As a long-term care clinician and a medical director, I worry about COVID-19. I am responsible for mitigating the risks of COVID-19 and other outbreaks but I am also keenly aware of the dangers of prolonged isolation on residents’ well-being.
While I struggled with the dilemma of virus versus visitors, as a palliative care practitioner, I know the importance of family and friends to overall health.
COVID-19 has exposed the ills of long-term care but I hear words like facilities, beds and dollars when I hear talk about solutions. What we need to hear are words like people, time and quality of life. And we need to talk about a palliative approach to long-term care because the very words symbolize the quality of life we all seek.
We call it long-term care but for those living there it is their home, or it should be. Throughout society, what we have failed to face is that it is often a person’s last home. A long-term care resident is most often elderly and fast approaching the end of life, with an average time from admission to death of less than two years (CIHI 2018).

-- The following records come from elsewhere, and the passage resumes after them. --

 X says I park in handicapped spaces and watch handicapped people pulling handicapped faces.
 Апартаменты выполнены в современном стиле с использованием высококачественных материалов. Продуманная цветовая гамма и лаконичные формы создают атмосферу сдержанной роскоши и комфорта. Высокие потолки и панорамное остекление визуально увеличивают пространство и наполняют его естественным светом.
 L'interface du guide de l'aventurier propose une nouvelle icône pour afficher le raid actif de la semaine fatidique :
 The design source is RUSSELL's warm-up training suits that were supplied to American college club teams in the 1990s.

This is not the time for heroic measures and unnecessary trips to hospitals that often fail to extend life and instead cause more suffering and complications. It is a time to focus on living as well as possible until the end of life, based on an individual’s values and needs. That’s what the palliative approach means. It is not a resignation or a giving-in to death; instead, it is embracing life and all that we are – physically, emotionally, socially, psychologically and spiritually. And it is not just a checklist of tasks – toileting, bathing, feeding and medications – instead it focuses on quality of life.
Intrinsic to both home and quality of life are human connections. Emphatically, in long-term care, those social connections very much include the people most ever-present in a resident’s daily life – the staff. To deliver genuine compassionate and resident-centred care, staff need a few things. For nurses and personal support workers (PSW), limiting work to one home can bring job stability and a personal sense of security and – importantly – allows the staff to get to know the residents and develop those human connections.

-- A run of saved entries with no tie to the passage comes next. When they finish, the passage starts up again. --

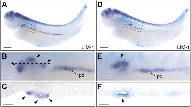 Fig. 6. Coinjection of HAWnt-4 rescues SGLT-1L expression in Wnt4-MO-treated Xenopus embryos. Single V2 blastomeres of eight-cell stage embryos were injected with 5 ng Wnt4-MO alone (A) or in conjunction with 0.25 ng HAWnt-4 mRNA (B, C). Cytoplasmic beta-galactosidase mRNA (cytBgal; 0.1 ng) was coinjected as a lineage tracer. Tailbud embryos (stage 33/34) were processed for Beta-gal activity and hybridized with antisense SGLT-1L probes. (A) Injection of 5 ng Wnt4-MO abolishes pronephric expression of SGLT-1L. The enlargement of the pronephric tubule region shows the presence of Beta-gal-expressing cells (pale blue), but absence of SGLT-1L transcripts. (B) Control side of an embryo coinjected with Wnt4-MO and HAWnt-4 mRNA. The inset illustrates normal SGLT-1L expression in the pronephros. (C) Injected side of the embryo shown in (B). The enlargement of the bordered area reveals substantial expression of SGLT-1L in the pronephros. Note that Beta-gal-expressing cells (arrowhead) are adjacent or colocalize with SGLT-1L-expressing cells (arrow). Scale bars: 600 um (A); 120 um (insets).
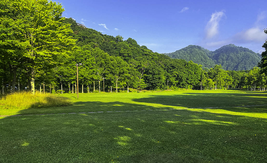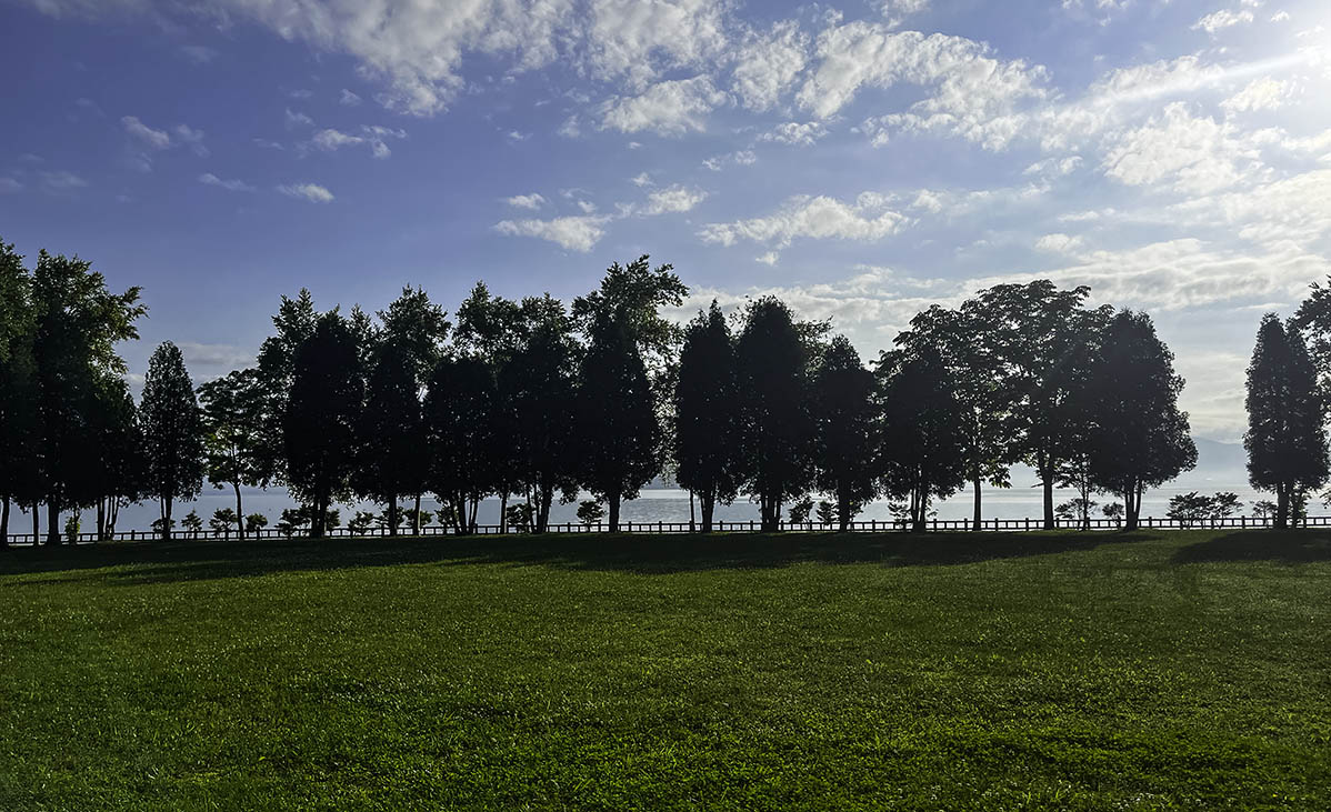 왼쪽으로는 넓은 잔디와 숲속길이 이어지고 오른쪽으로는 도야호수가 펼쳐져 있습니다. 도야호수 조각공원이 나타납니다.
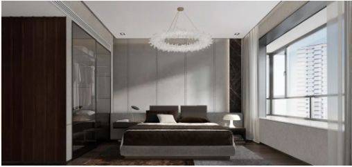 主卧的打造上是经典的“酒店式”套房设计,在保证私密空间不受打扰的同时,还拥有清晰流畅的动线快速抵达其他功能区。
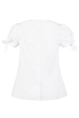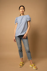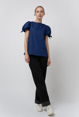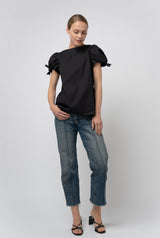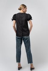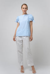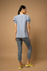 A simple, elegant tee with a high boat neck and buttons down the back. This puff sleeve blouse is a must-have everyday top that brings together the essence of femininity and style.
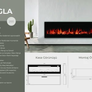 Pagla Elektrikli Şömine, modern tasarımı ve güçlü ısıtma kapasitesi ile yaşam alanlarınıza şıklık ve konfor katıyor. Gerçekçi alev efektleri ve kullanıcı dostu özellikleri sayesinde hem dekoratif hem de fonksiyonel bir şömine deneyimi sunar.
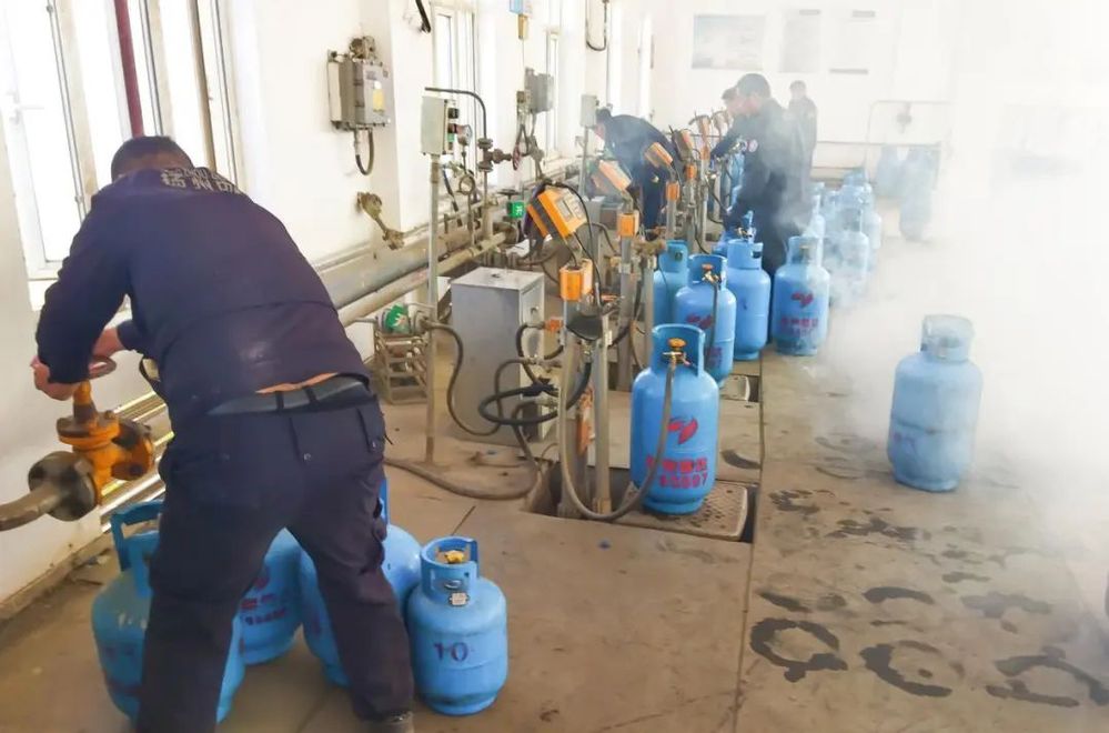 本次演練模擬LPG充裝臺軟管崩脫造成泄漏情況下的應(yīng)急處置。5號充裝秤的充裝軟管突然崩脫,大量液化氣泄漏并向周圍擴散。灌裝人員立即報告當(dāng)班班長,班長迅速關(guān)閉灌裝總閥,組織作業(yè)人員迅速有序撤離充裝臺,同時報送場站負(fù)責(zé)人;場站負(fù)責(zé)人立即安排門衛(wèi)在場站入口處實施警戒,禁止無關(guān)人員進(jìn)入,同時通知維修人員趕赴現(xiàn)場處置。

Everyone working in long-term care – physicians, nurses, PSWs, allied health providers, administrative staff and volunteers – need to understand the importance of quality of life and deliver it with a palliative approach to care. Fortunately, that approach can be learned. There are excellent training opportunities available, including an online course through Hospice Palliative Care Ontario.
Finally, staff need sufficient time. Quality of life care is not a checklist of tasks completed by a schedule within prescribed hours. Staff need time to genuinely check-in with residents and their families to ensure that physical needs are being addressed while the core values of the whole person are supported.
So, while we work to fix long-term care and talk about systems, standards and bed counts, I strongly urge everyone to remember that we are talking about people – people for whom long-term care is their home, and likely their last home. We all need and want a good home and a good quality of life. Both of these will be realized by familiarizing ourselves and getting comfortable with the palliative approach.